3. Specified Pricing
Finally, and relatedly, one of the most important contractual terms that is known to investors in advance is price: exactly how much profit they must give up to see the company achieve a particular ESG goal. If a company targets a reduction in carbon emissions or an increase in diversity without the use of SLBs, it will be more difficult for investors to isolate the costs and benefits that are directly attributable to the achievement of the target and determine the net gain or loss it resulted in.
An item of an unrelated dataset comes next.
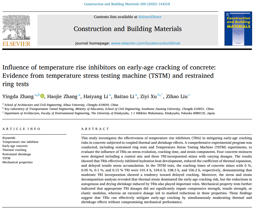 近日,建筑与土木工程学院张英达副教授团队在国际知名TOP期刊《Construction and Building Materials》(中科院一区TOP,IF: 8.0)发表题为“Influence of temperature rise inhibitors on early-age cracking of concrete: Evidence from temperature stress testing machine (TSTM) and restrained ring tests”的研究论文。2138cn太阳城集团建筑与土木工程学院张英达副教授为论文的第一作者,2024级硕士研究生张浩杰为论文的第二作者,西南交通大学许子宜博士为论文的通讯作者。

With SLBs, both the ESG target and its price are set forth in concrete terms before sales of the bonds are effected. The company agrees to a measurable, verifiable target, like reducing its scope 1, 2, and 3 carbon emissions by 50 percent by 2030. Prospective investors therefore know exactly which ESG actions they are agreeing to pay for, and exactly how much it will cost them: the margin of reduced return on the SLB compared to the return they could expect with a conventional bond.
Conclusion
The fiduciary duties of Delaware directors create scenarios in which traditional investors and impact ESG investors are each likely to lose out. At the very least, these duties discourage transparency from corporations as they consider various ways of responding to the demand for ESG that has recently dominated the securities markets, leaving investors unsure of the costs that ESG might impose. SLBs provide a solution to these problems by allowing investors to pay a specified price for a specified ESG performance target, thereby eliminating much of the guesswork by directors and investors alike. Investors who want ESG actions badly enough to pay for them will be able to do so in the form of a reduced return on investment. And shareholders who prefer not to bear these costs will not have to, since the corporation typically pays a lower interest expense on an SLB than it would on a conventional bond. While there may or may not be a change to Delaware’s fiduciary duties in the near future, SLBs already offer impact ESG investors and traditional investors the opportunity to avoid the problems they create.